## Records for the task
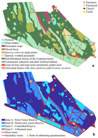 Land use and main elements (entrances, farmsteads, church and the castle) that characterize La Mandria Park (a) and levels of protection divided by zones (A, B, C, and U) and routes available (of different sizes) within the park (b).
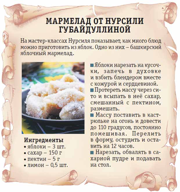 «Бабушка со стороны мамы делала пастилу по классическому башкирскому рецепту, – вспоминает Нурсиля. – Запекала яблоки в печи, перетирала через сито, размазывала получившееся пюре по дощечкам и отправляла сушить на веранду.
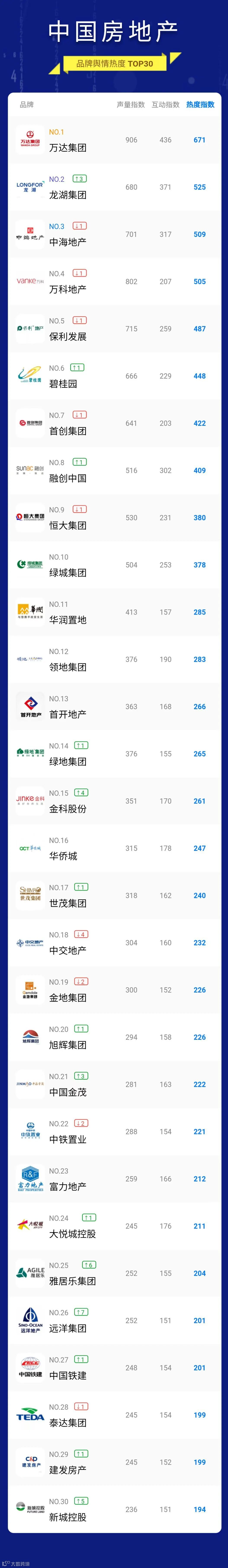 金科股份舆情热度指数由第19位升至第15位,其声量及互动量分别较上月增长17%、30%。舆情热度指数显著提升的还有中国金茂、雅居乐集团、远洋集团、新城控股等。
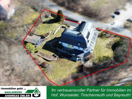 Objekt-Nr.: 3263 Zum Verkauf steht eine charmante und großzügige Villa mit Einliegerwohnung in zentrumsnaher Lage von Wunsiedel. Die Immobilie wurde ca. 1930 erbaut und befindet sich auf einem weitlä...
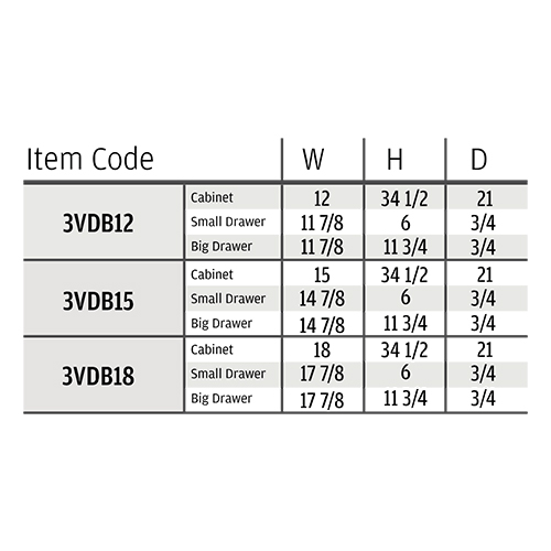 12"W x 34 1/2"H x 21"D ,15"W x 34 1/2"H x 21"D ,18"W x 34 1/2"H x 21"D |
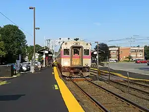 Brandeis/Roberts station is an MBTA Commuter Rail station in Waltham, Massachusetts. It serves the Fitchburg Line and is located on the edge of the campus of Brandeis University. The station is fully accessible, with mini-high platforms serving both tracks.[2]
---
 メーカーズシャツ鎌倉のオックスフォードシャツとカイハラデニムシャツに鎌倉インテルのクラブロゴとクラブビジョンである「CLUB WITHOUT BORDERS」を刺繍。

## Problem details
When copying from the data above, print only the lines from the line containing "金科股份舆情热度指数由第19" to the line containing "Brandeis/Roberts station is", exactly, and leave the pictures out.

## Exercise result
 金科股份舆情热度指数由第19位升至第15位,其声量及互动量分别较上月增长17%、30%。舆情热度指数显著提升的还有中国金茂、雅居乐集团、远洋集团、新城控股等。
 Objekt-Nr.: 3263 Zum Verkauf steht eine charmante und großzügige Villa mit Einliegerwohnung in zentrumsnaher Lage von Wunsiedel. Die Immobilie wurde ca. 1930 erbaut und befindet sich auf einem weitlä...
 12"W x 34 1/2"H x 21"D ,15"W x 34 1/2"H x 21"D ,18"W x 34 1/2"H x 21"D |
 Brandeis/Roberts station is an MBTA Commuter Rail station in Waltham, Massachusetts. It serves the Fitchburg Line and is located on the edge of the campus of Brandeis University. The station is fully accessible, with mini-high platforms serving both tracks.[2]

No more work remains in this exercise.